Un personaje (no recuerdo su nombre) que hizo mucho dinero con el reciclaje, mencionó en una ocasión: “Sí, soy un empresario, pero también soy un recolector de basura glorificado”.

El mundo está lleno de oportunidades y hay miles de historias de éxito con personas que dejaron las obvias y “bonitas” para entrar en negocios rentables, aunque menos glamorosos. La imagen del éxito es la del ejecutivo con un traje caro y una oficina con amplias ventanas, cargando dos celulares y sin tiempo para otra cosa, pero a veces te niegas a ver al dueño de un expendio de frutas en el mercado que gana más dinero que él.

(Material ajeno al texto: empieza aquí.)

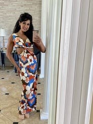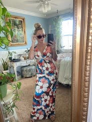Love this dress! Stretchy and comfy material good for warmer weather. I'm 6 months pregnant and the size small fit perfectly. At 5'7" the length was also great. I wore flat sandals :) the bust was slightly big I probably would have gotten the XS without the baby bump! Also tough to wear a bra with this dress. Overall love and perfect for welcome party in Mexico!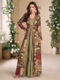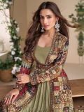 Show your feminine side to the world wearing this green color ruffle style gown crafted in georgette. Augmented with sequins, stone and floral thread work enhanced or mirror work embellishment with floral printed pattern all over. Paired with a multicolor full sleeved embroidered shrug made in georgette. Note: Some color variations may occur owing to photography causes. Up to 1 inch of measurement fluctuation is possible.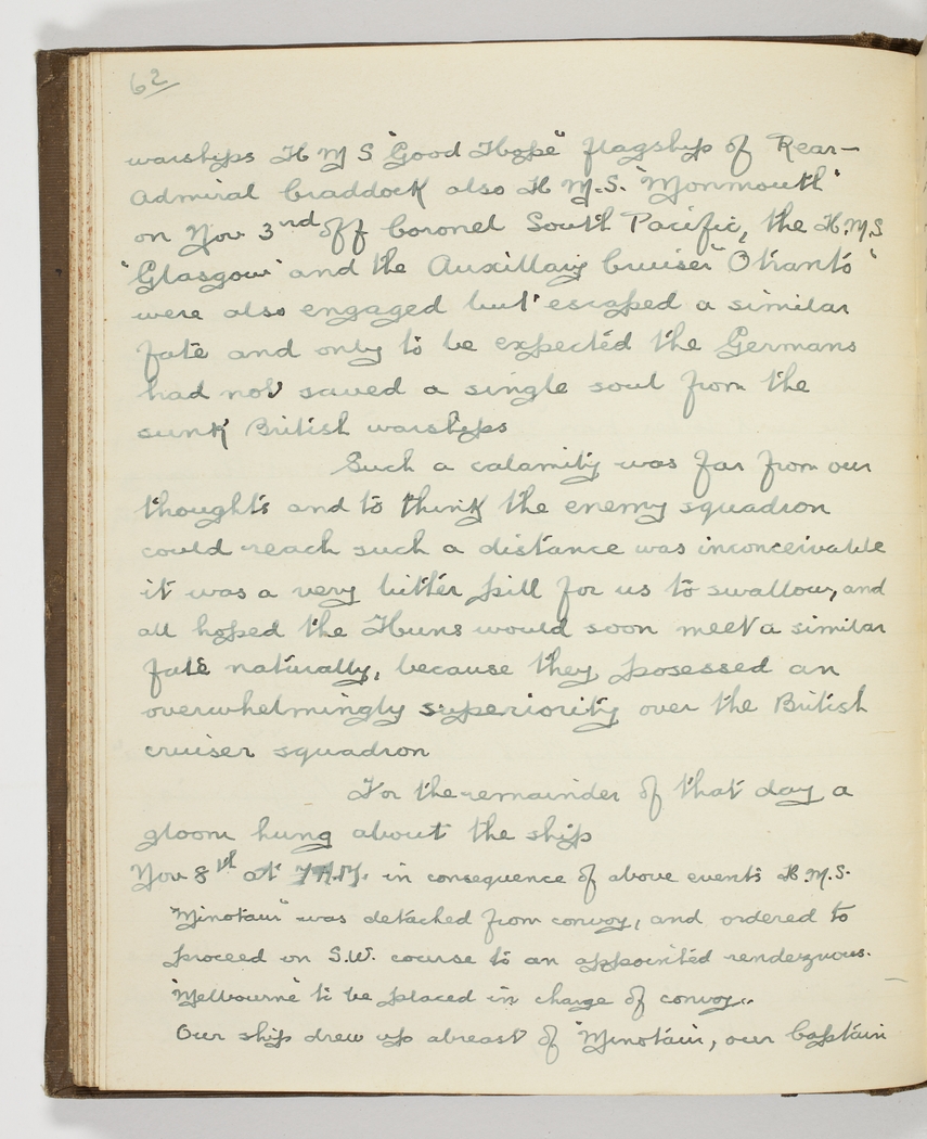warship HMS "Good Hope" flagship of Rear-Admiral Craddock also HMS "Monmouth" on Nov 3rd off Coronel [Chile] South Pacific, the HMS "Glasgow" and the Auxillary Cruiser "Otranto" were also engaged but escaped a similar fate and only to be expected the Germans had not saved a single soul from the sunk British warships – Such a calamity was far from our thoughts and to think the enemy squadron could reach such a distance was inconceivable – it was a very bitter pill for us to swallow, and all hoped the Huns would soon meet a similar fate naturally, because they posessed overwhelming superiority over the British cruiser squadron – For the remainder of that day a gloom hung about the ship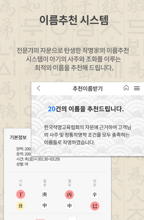 - 추천 이름 제공: 사주 분석 후 적합한 한자 이름 제시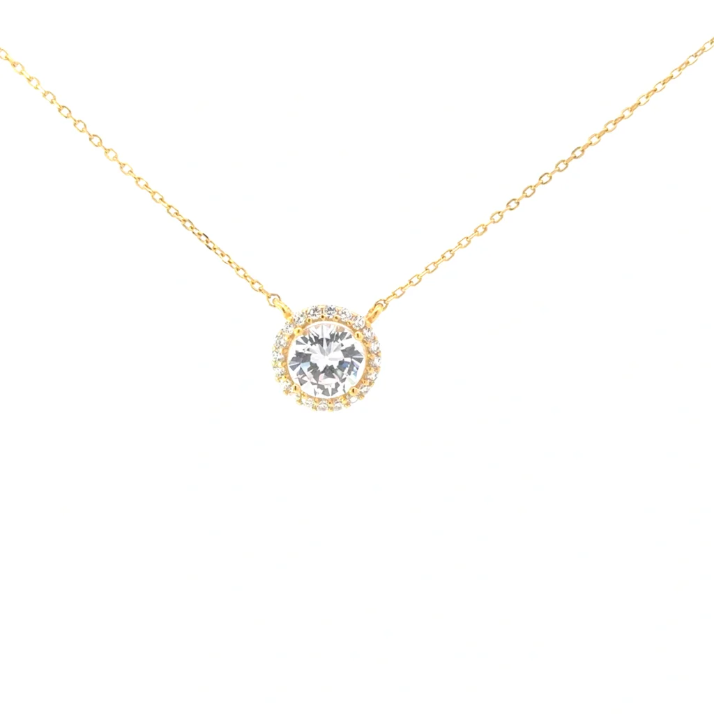 This is a luxurious Sterling Silver necklace, draped in a warm gold tone. Its centerpiece is a captivating halo-shaped cubic zirconia pendant. The necklace features an adjustable chain, allowing a personalized fit for any neckline.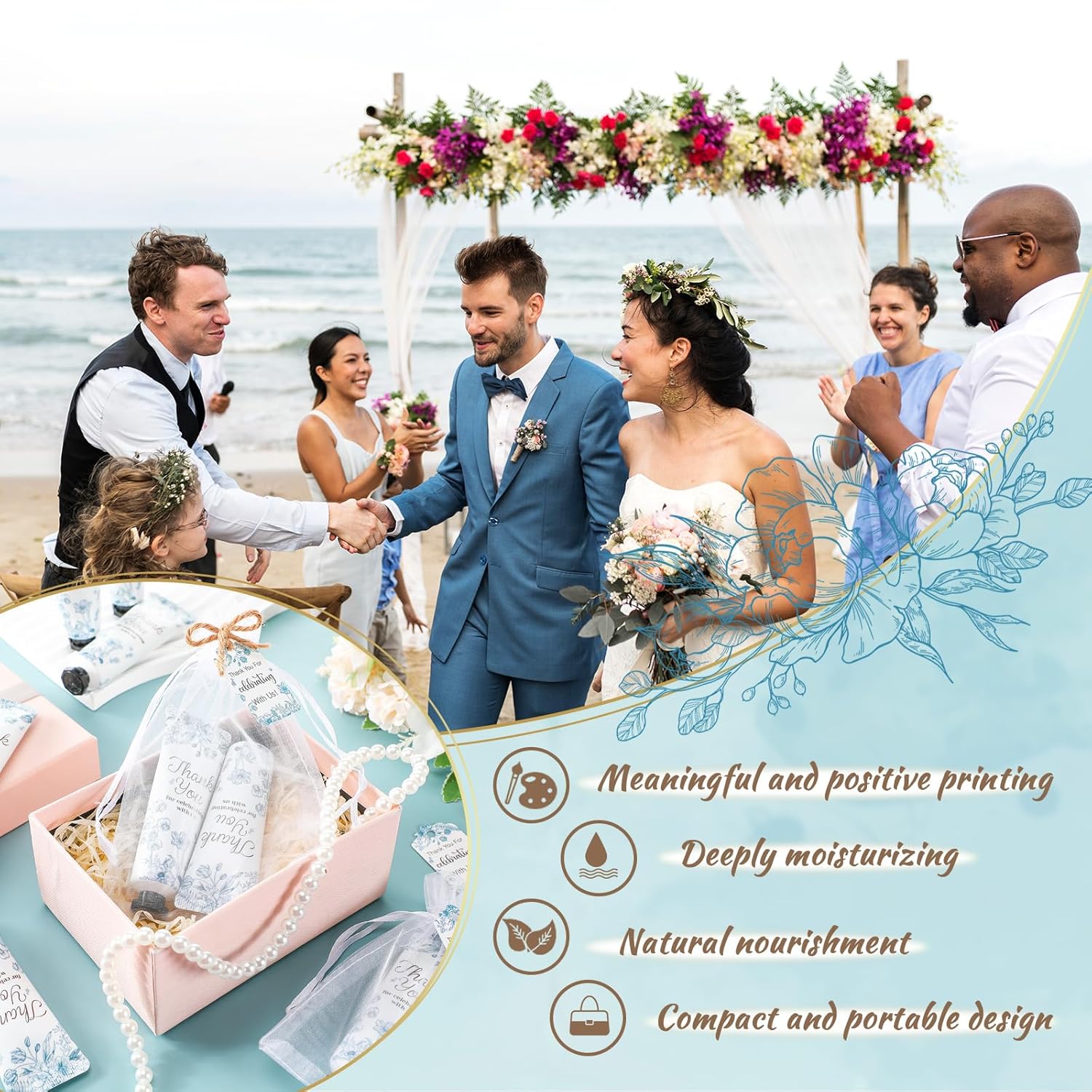 - Elegant Design: each hand cream has a blue flower pattern design and a "thank you" copy, creating a pleasant feeling and enhancing the atmosphere of the party; This charming and lovely gift adds a touch of elegance and unexpected joy to most weddings and engagement parties; This is an ideal souvenir for weddings and baby shower parties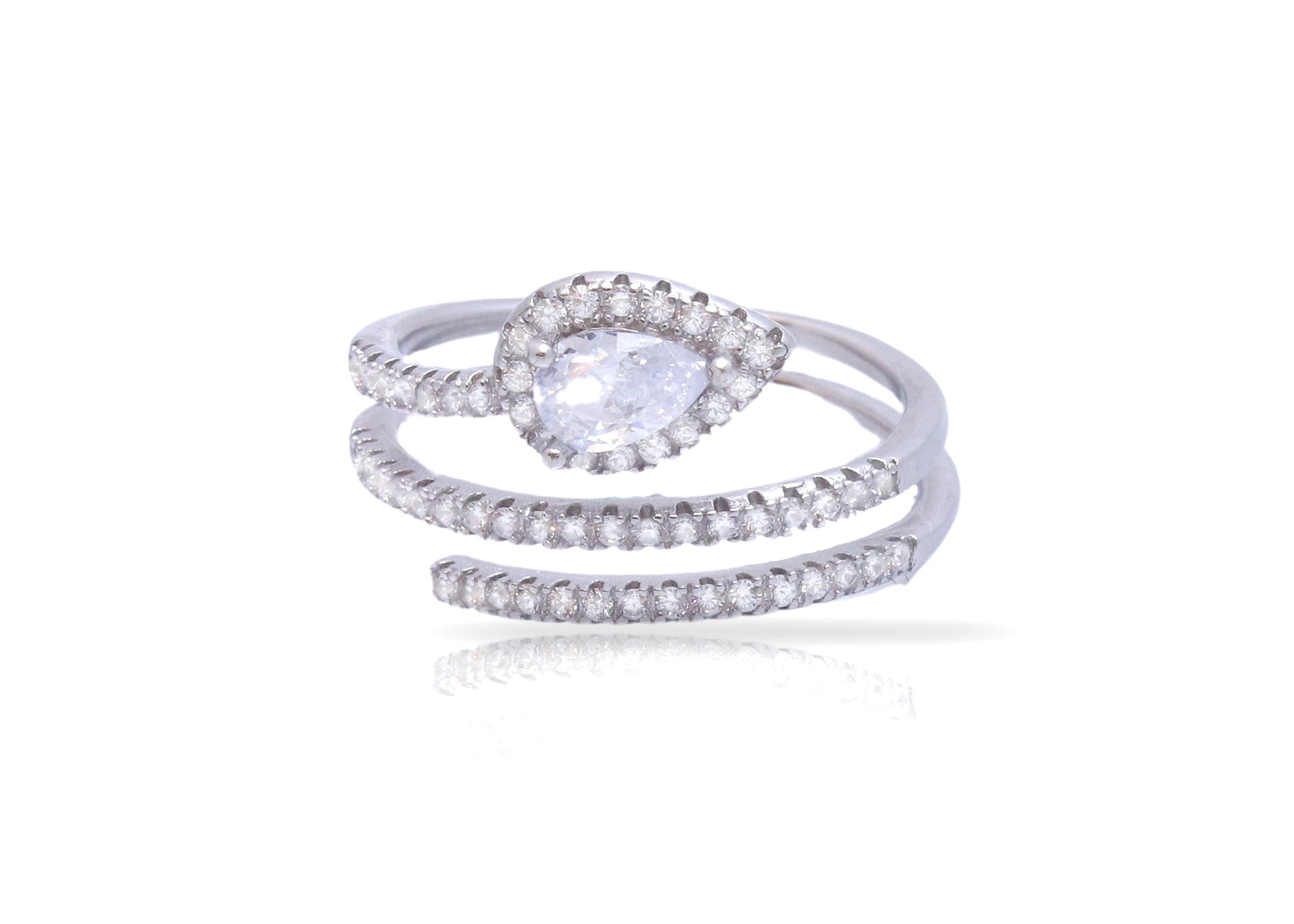 טבעת טיפה שלוש רצועות משובצת זירקונים מכסף 925 טהור לאישה. הטבעת משובצת בזירקוני AAAA בחיתוך יהלום. מצופה ברודיום להגנה מפני התחמצנות ושריטות. המוצר מגיע באריזת מתנה מהודרת וממותגת! חצי שנה אחריות.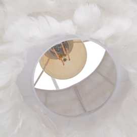 Material: plumas, metal. Voltaje: 220-240V. Caquillo: E27. Bombilla: 1*60W máx.(no incluida). Longitud cable: 180cm.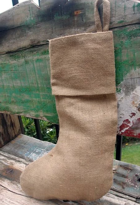 This is a set of 6- 16″ Long Burlap Stockings. Embellish these stockings with colorful ribbon and give them to friends, family members, or guests. Perfect for a rustic Christmas decor. Measures 10″ wide (at the bottom) and 16 inches tall with a 2 inch loop for hanging. Folded top cuff is 6″ wide x 5″ long. Made with 100% natural jute/burlap.

“¡Ash! ¿Yo hacer eso? ¡Ni cuando era pobre!” dicen muchos y siguen caminos que les quitan la libertad, la salud y les dan a cambio una imagen de prosperidad. Otros, siguen “lo feíto” y hacen grandes fortunas.

Por imagen, solo estoy dispuesto a gastar dinero. Durante mucho tiempo viví la ilusión del éxito basado en mi oficina y lo que los demás pensaban de mi. Hoy ya no me importa. Busco las oportunidades hasta en los botes de basura, mientras mis deudas bajan y mi cuenta de banco va en aumento. Cuando termine de encaminar todos mis negocios, podré comprar la imagen que yo quiera. Esa es una de las grandes ventajas del dinero. Y no falta mucho para eso.

Así que puedes seguir buscando lo que te de satisfacción ante tu grupo y que todos te aplaudan. Yo voy a buscar mi siguiente pera roída. Así como el colibrí, prefiero una gran oportunidad con mala imagen, que una jaula con grandes ventanas para darle gusto a quienes, a pesar de todo, terminarán hablando mal de mi. ¿Que prefieres tú?